13 On 18 March 2009, Evewall's solicitors wrote to Golden Oceans' solicitors demanding payment of the balance of the contractual deposit of $174,000, the agreed consideration for the extension of the Notice to Complete in December of $44,000, and interest under the contract from 28 November to 27 February of $88,000 - a total of approximately $306,000 - and foreshadowing the commencement of proceedings if not paid.
14 Golden Oceans lodged a caveat in respect of the land, number AE571103Y, on 27 March 2009, claiming an interest as purchaser under the contract. A Lapsing Notice in respect of that caveat was served on 3 April 2009. On 24 April, the last day on which it could do so, Golden Oceans applied to the Court for an order extending the operation of that caveat. White J declined to make that order, but granted leave to Golden Oceans to lodge a further caveat in identical terms, upon an undertaking to withdraw it forthwith after 30 April unless the Court extended that period. Today Golden Oceans applies, in effect, for an extension of that period in order to permit the new caveat AE632239K to remain on title.
15 On an application of this kind the issues are whether there is a seriously arguable claim to a caveatable interest and, if so, where the balance of convenience and prejudice lies.

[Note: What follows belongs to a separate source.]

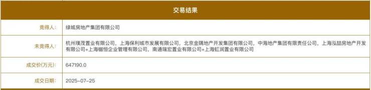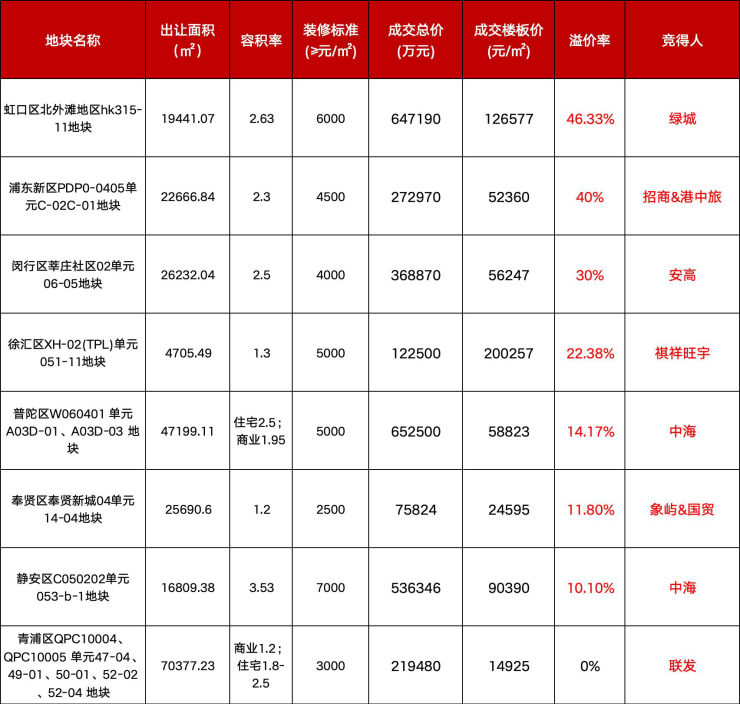 最终,绿城中国以64.72亿元竞得该地块,成交楼板价12.66万/㎡,溢价率约46.33%,不仅问鼎虹口地王,更是创下近年来上海公开土拍溢价率新高。

16 The present application really turns on whether there was (arguably) an agreement to extend the time for compliance with the Notice to Complete. That, in turn, depends on the conversations said to have taken place on 21 February 2009. While it appears - from the letter from Michael Flaherty of 25 February 2009 - that this conversation is likely to be in dispute, at this stage there is Mr Carroll's sworn evidence of it, and his evidence of a further conversation on 7 March which goes some way to explaining the otherwise apparent inconsistency of Mr Wallace's position, at least in the context of Mr Carroll's version. If that evidence were accepted and it cannot be said at this stage that it is impossible that it would be then that would prima facie establish an agreement to extend the time allowed by the Notice to Complete, and it would be contrary to that agreement for Evewall to have terminated on 27 February 2009.
17 It was argued that, even if accepted, the evidence could not establish such an agreement for want of consideration. That depends on the construction of the proposal to "increase the purchase price by $100,000 being interest plus a gratis payment to the total of $100,000". It is at least arguable that the "gratis payment" was additional to the $40,000 agreed to be paid in December. That being arguable, it remains sufficiently arguable for present purposes that there was an agreement for valuable consideration to extend time for compliance with the Notice to Complete. In circumstances where, if that view were ultimately to prevail, Evewall would then have wrongly purported to terminate on 27 February, questions pertaining to Golden Oceans' ability to complete on 10 April, or the circumstance that it did not tender payment on 10 April, would not detract from the existence of a sufficiently arguable case.